## INPUT DATA
..........
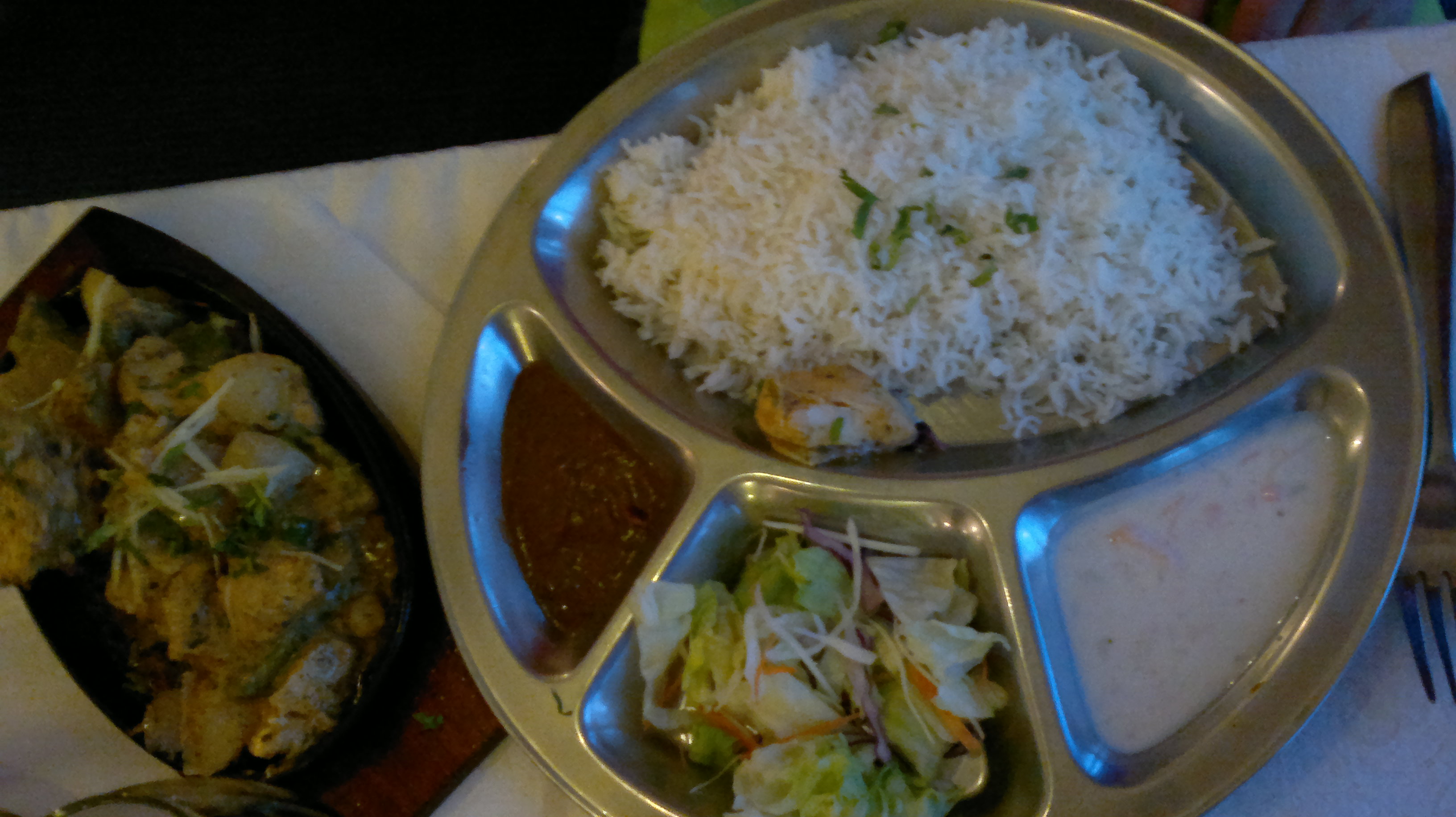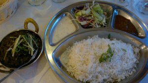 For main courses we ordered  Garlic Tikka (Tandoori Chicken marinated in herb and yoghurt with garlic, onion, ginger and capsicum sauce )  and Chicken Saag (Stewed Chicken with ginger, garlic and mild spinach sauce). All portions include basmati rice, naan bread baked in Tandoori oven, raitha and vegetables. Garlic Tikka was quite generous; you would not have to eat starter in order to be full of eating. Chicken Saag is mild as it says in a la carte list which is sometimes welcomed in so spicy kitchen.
..........
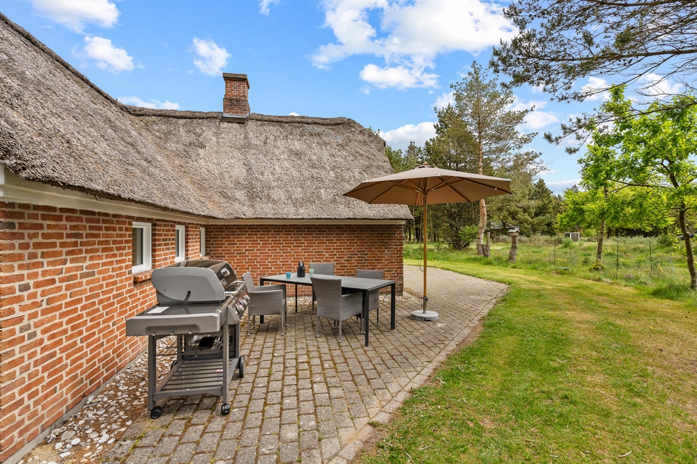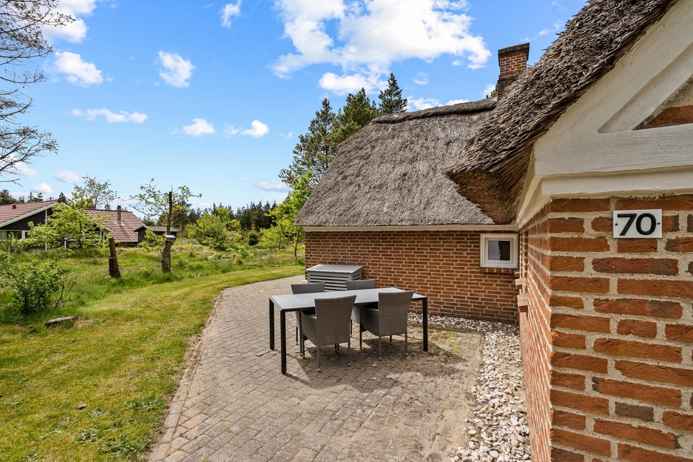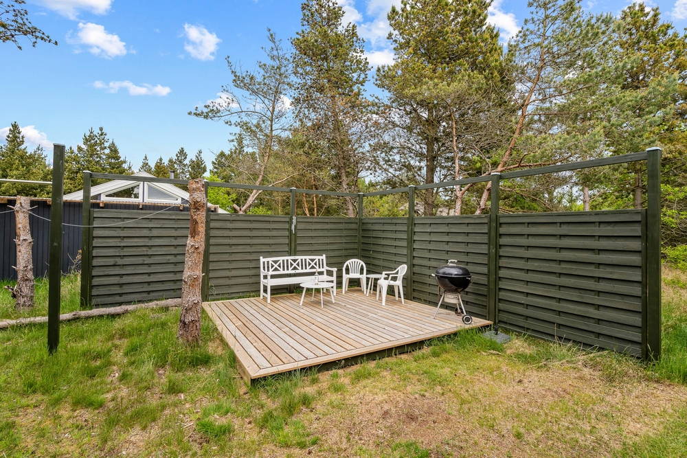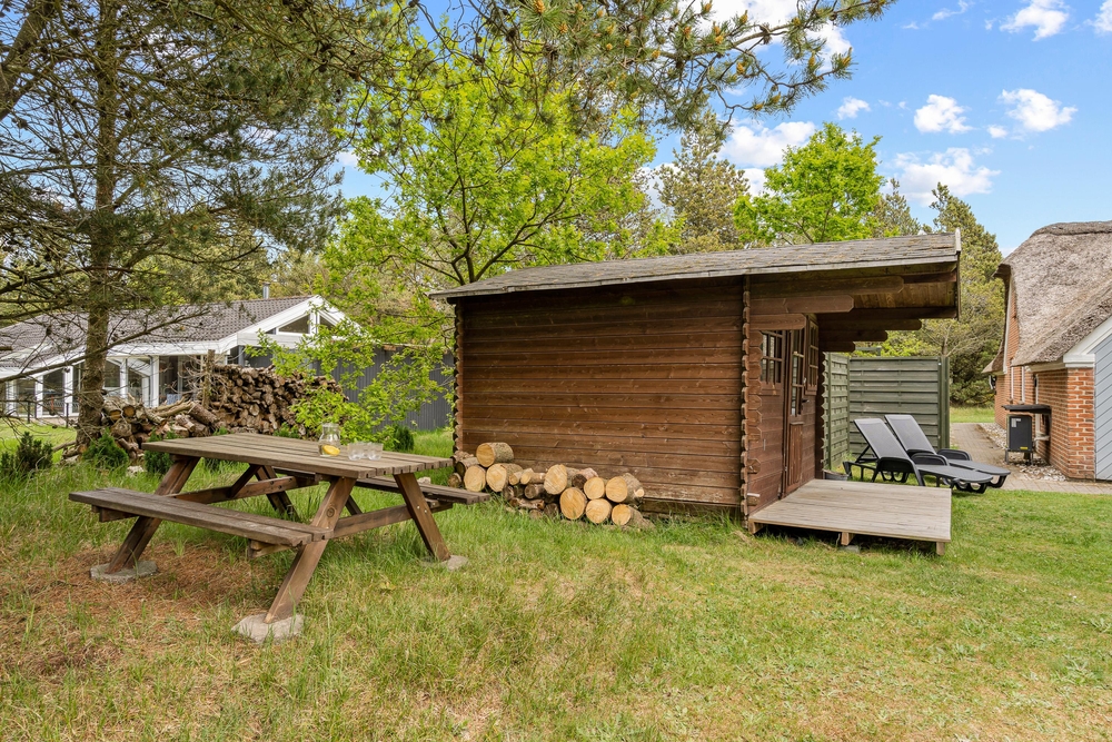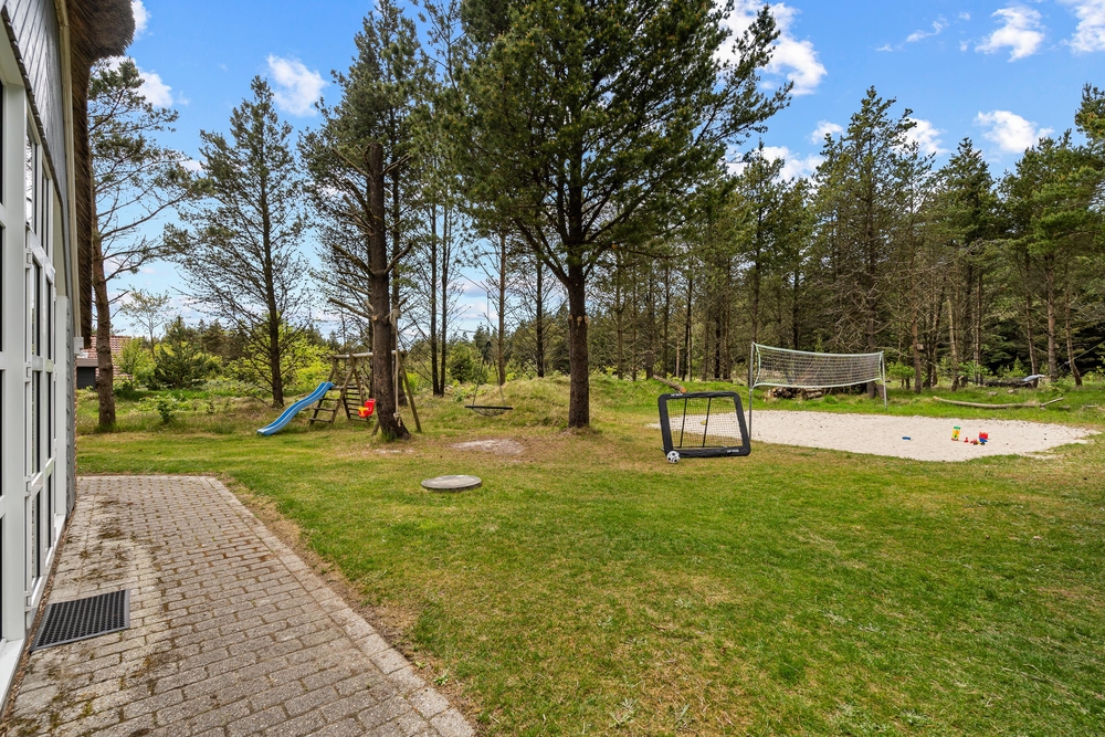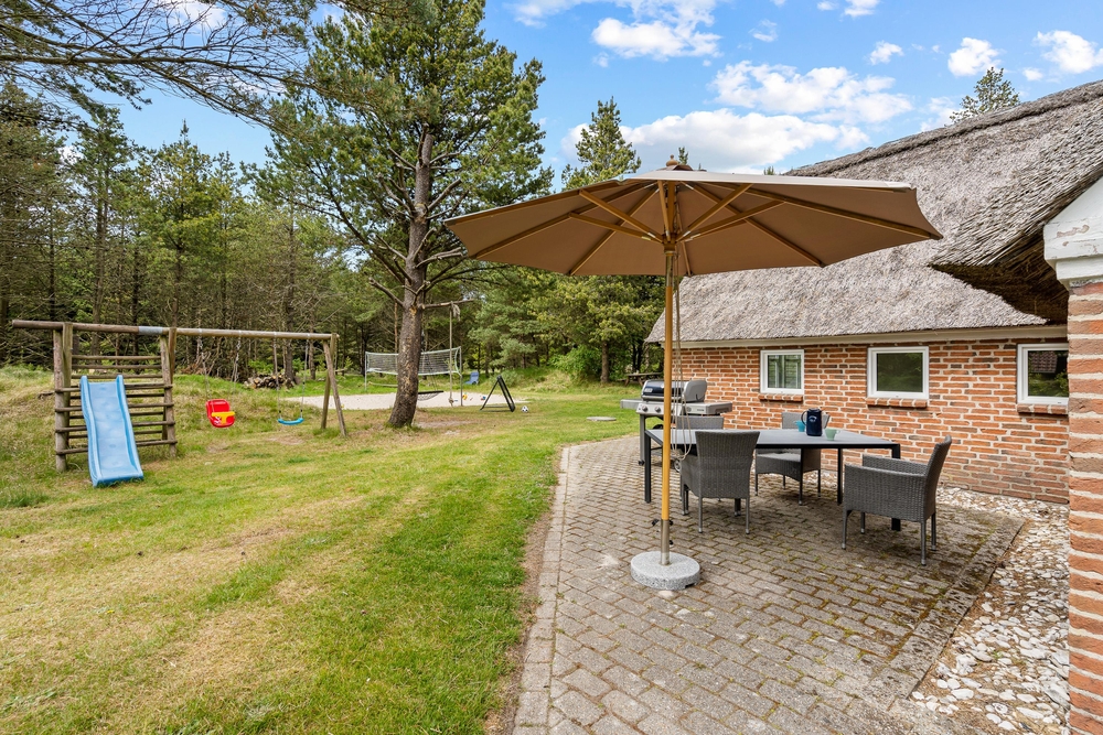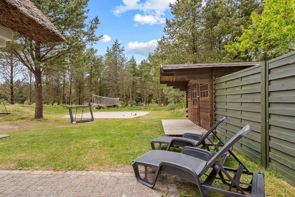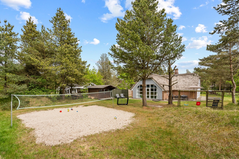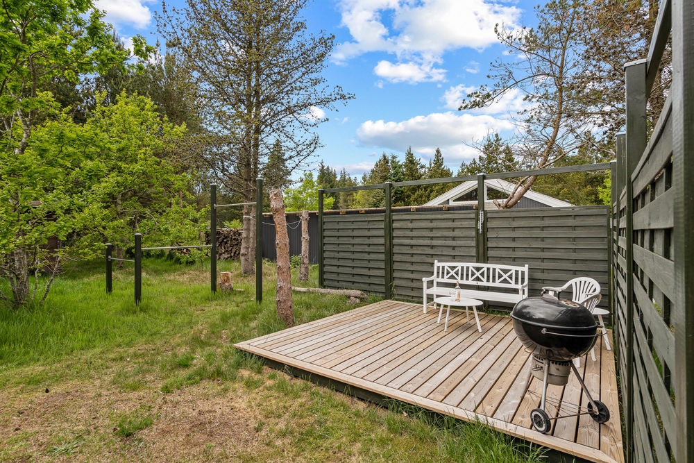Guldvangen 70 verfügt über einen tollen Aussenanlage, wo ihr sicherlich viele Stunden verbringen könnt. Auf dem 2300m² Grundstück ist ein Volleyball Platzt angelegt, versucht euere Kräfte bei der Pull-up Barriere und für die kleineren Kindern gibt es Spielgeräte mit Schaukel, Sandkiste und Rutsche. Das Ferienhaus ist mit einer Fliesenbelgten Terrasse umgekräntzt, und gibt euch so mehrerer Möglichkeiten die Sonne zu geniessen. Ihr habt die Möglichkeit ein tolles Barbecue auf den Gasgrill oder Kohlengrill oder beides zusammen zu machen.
..........
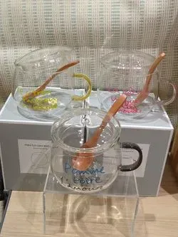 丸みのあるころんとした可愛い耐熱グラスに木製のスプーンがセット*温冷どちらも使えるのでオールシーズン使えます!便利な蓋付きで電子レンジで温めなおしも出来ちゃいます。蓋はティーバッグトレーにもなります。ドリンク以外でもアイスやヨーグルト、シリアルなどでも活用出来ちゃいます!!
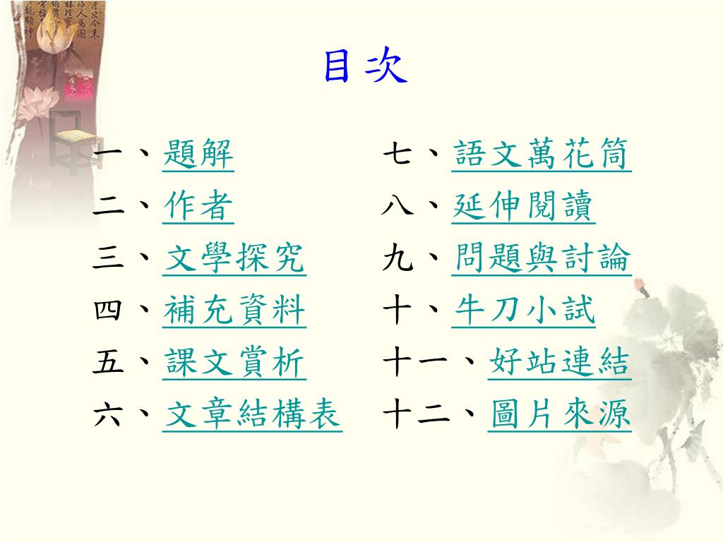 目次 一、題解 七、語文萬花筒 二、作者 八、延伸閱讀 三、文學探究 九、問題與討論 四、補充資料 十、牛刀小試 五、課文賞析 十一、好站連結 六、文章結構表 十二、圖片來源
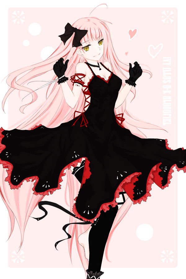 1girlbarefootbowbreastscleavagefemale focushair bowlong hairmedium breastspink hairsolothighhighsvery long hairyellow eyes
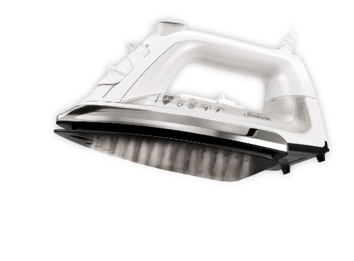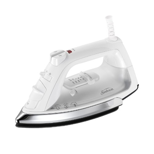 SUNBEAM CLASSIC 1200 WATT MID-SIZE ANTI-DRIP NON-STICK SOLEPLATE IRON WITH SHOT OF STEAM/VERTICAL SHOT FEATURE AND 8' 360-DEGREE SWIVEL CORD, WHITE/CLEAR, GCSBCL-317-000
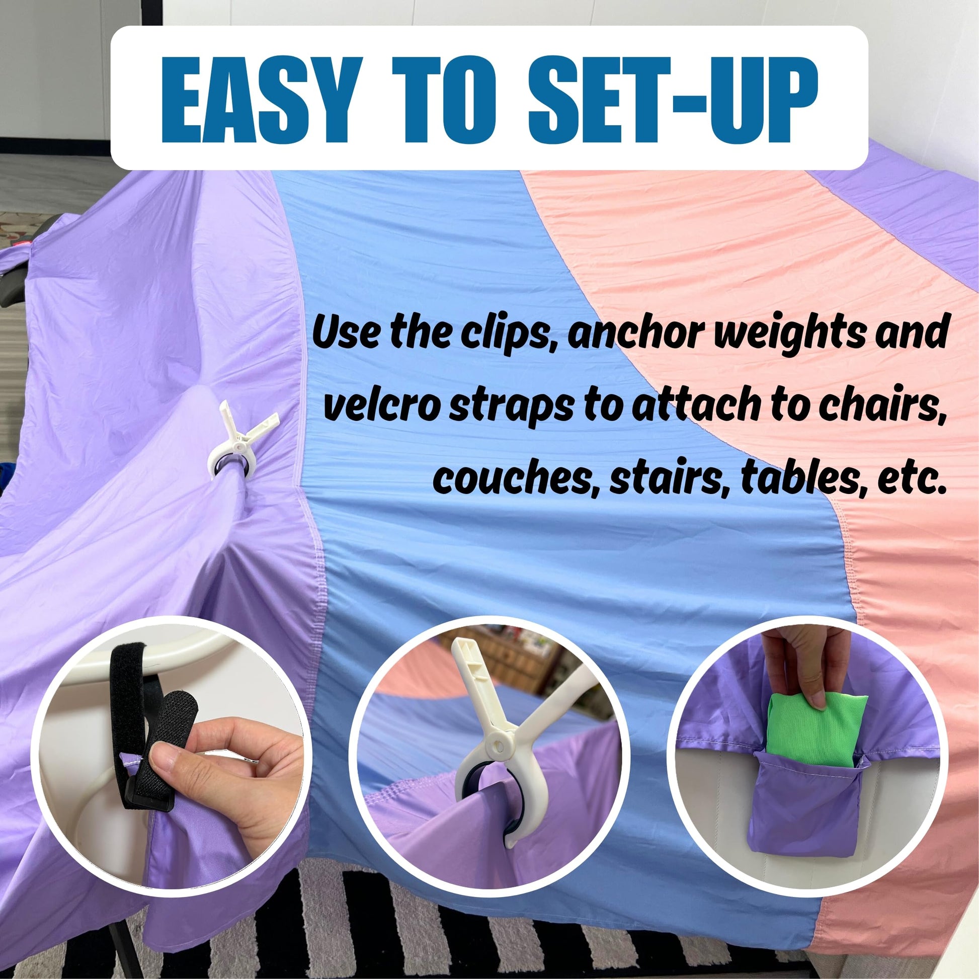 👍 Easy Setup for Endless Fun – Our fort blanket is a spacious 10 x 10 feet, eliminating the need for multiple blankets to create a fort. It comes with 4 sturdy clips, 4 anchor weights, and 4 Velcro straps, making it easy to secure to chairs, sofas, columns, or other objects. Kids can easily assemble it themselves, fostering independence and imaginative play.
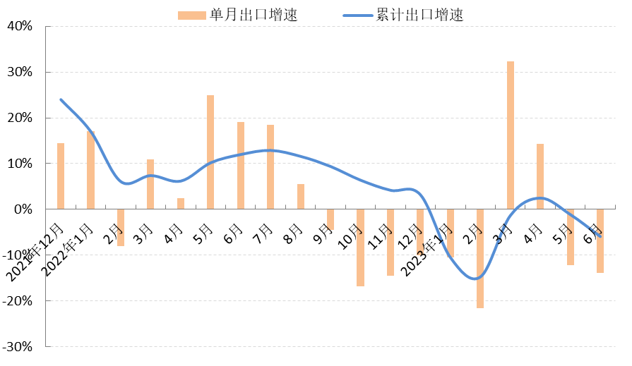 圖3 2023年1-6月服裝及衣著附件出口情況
..........
Copy only what lies between the line with "目次 一、題解 七、語文萬花筒" and the line with "SUNBEAM CLASSIC 1200", those two lines included, exactly as given above; pictures stay out.

 目次 一、題解 七、語文萬花筒 二、作者 八、延伸閱讀 三、文學探究 九、問題與討論 四、補充資料 十、牛刀小試 五、課文賞析 十一、好站連結 六、文章結構表 十二、圖片來源
 1girlbarefootbowbreastscleavagefemale focushair bowlong hairmedium breastspink hairsolothighhighsvery long hairyellow eyes
 SUNBEAM CLASSIC 1200 WATT MID-SIZE ANTI-DRIP NON-STICK SOLEPLATE IRON WITH SHOT OF STEAM/VERTICAL SHOT FEATURE AND 8' 360-DEGREE SWIVEL CORD, WHITE/CLEAR, GCSBCL-317-000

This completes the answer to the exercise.